Tune generation behaviour with GenerationOptions.

public struct GenerationOptions {
public var temperature: Float?
public var topP: Float?
public var minP: Float?
public var repetitionPenalty: Float?
public var jsonSchemaConstraint: String?
public var functionCallParser: LeapFunctionCallParserProtocol?

public init(
temperature: Float? = nil,
topP: Float? = nil,
minP: Float? = nil,
repetitionPenalty: Float? = nil,
jsonSchemaConstraint: String? = nil,
functionCallParser: LeapFunctionCallParserProtocol? = LFMFunctionCallParser()
)
}
  • Leave a field as nil to fall back to the defaults packaged with the model bundle.
  • functionCallParser controls how tool-call tokens are parsed. LFMFunctionCallParser (the default) handles Liquid Foundation Model Pythonic function calling. Supply HermesFunctionCallParser() for Hermes/Qwen3 formats, or set the parser to nil to receive raw tool-call text in MessageResponse.chunk.
  • jsonSchemaConstraint activates constrained generation. Use setResponseFormat(type:) to populate it from a type annotated with the @Generatable macro.
extension GenerationOptions {
public mutating func setResponseFormat<T: GeneratableType>(type: T.Type) throws {
self.jsonSchemaConstraint = try JSONSchemaGenerator.getJSONSchema(for: type)
}
}
var options = GenerationOptions(temperature: 0.6, topP: 0.9)
try options.setResponseFormat(type: CityFact.self)

for try await response in conversation.generateResponse(
message: user,
generationOptions: options
) {
// Handle structured output
}

LiquidInferenceEngineRunner exposes advanced utilities such as getPromptTokensSize(messages:addBosToken:) for applications that need to budget tokens ahead of time. These methods are backend-specific and may be elevated to the ModelRunner protocol in a future release.

Function Calling Types

public struct LeapFunction {
public let name: String
public let description: String
public let parameters: [LeapFunctionParameter]
}

public struct LeapFunctionParameter {
public let name: String
public let type: LeapFunctionParameterType
public let description: String
public let optional: Bool
}

public indirect enum LeapFunctionParameterType: Codable, Equatable {
case string(StringType)
case number(NumberType)
case integer(IntegerType)
case boolean(BooleanType)
case array(ArrayType)
case object(ObjectType)
case null(NullType)
}

The parameter type wrappers (StringType, NumberType, etc.) let you attach descriptions and enumerations so that JSON schemas accurately describe your tools. See the Function Calling guide for in-depth usage patterns.

Errors

Errors are surfaced as LeapError values. The most common cases are:

  • LeapError.modelLoadingFailure: Problems reading or validating the model bundle.
  • LeapError.generationFailure: Unexpected native inference errors.
  • LeapError.promptExceedContextLengthFailure: Prompt length exceeded the configured context size.
  • LeapError.serializationFailure: JSON encoding/decoding problems when working with chat history or function calls.

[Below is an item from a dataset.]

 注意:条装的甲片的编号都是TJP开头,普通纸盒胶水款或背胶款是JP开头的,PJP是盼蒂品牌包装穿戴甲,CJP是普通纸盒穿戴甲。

Handle thrown errors with do / catch when using async streams, or use the onErrorCallback in the lower-level API.

Putting it together

let runner = try await Leap.load(url: bundleURL)
let conversation = runner.createConversation(systemPrompt: "You are a travel assistant.")

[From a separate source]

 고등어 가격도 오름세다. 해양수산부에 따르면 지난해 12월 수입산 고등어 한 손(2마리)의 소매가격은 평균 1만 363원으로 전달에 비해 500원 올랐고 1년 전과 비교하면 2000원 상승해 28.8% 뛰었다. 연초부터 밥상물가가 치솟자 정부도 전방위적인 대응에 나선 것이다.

conversation.registerFunction(weatherFunction)

var options = GenerationOptions(temperature: 0.8)
try options.setResponseFormat(type: TripRecommendation.self)

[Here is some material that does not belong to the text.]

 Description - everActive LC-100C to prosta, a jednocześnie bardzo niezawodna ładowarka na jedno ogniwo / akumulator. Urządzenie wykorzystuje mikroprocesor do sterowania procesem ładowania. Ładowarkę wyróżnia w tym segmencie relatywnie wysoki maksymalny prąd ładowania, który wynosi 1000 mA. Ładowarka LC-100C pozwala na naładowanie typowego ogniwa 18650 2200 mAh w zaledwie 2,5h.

let userMessage = ChatMessage(
role: .user,
content: [.text("Plan a 3-day trip to Kyoto with food highlights")]
)

for try await response in conversation.generateResponse(
message: userMessage,
generationOptions: options
) {
process(response)
}

Refer to the Quick Start for end-to-end project setup, Function Calling for tool invocation, and Constrained Generation for structured outputs.